The Massachusetts men’s soccer team is leaving the Atlantic 10 after its loss to Saint Louis in a penalty shootout on Saturday in the A-10 quarterfinals. With the closing of this chapter, the Minutemen are not yet assigned to a conference for the upcoming season.
UMass had a successful tenure as a member of the A-10, with three conference tournament championships and five NCAA tournament appearances.
Alec Hughes recently broke the UMass goal-scoring record with 49, passing longtime leader Jeff Deren.

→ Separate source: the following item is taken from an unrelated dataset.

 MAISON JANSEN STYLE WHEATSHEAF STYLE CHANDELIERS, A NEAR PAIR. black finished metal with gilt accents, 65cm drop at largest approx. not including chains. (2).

Although the Minutemen have been in the A-10 for decades, they’ve only had three head coaches during this time, with Sam Koch and current head coach Fran O’Leary combining for 33 years.
Koch, who died in 2014 after battling sinus cancer, led the team to two conference championships in the span of six years.

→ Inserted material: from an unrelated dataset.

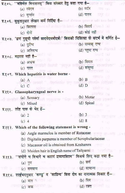 Sample Paper For Ayurveda PG Entrance Exam

His legacy on the team is long-lasting; the home field was renamed Rudd Field, Home of Sam Koch, in 2015.
The 2000s under Koch were about turning a struggling UMass soccer program into a competitive group that played for A-10 and national titles, with the 2007 A-10 championship-winning team making it all the way to the College Cup semifinals.
The 2007 season did not start off on the note it ended on, however. The Minutemen were 2-4 going into an important stretch of games in October. This did not deter them though, as they ended up winning a program-record 17 games en route to the A-10 championship and, subsequently, the College Cup.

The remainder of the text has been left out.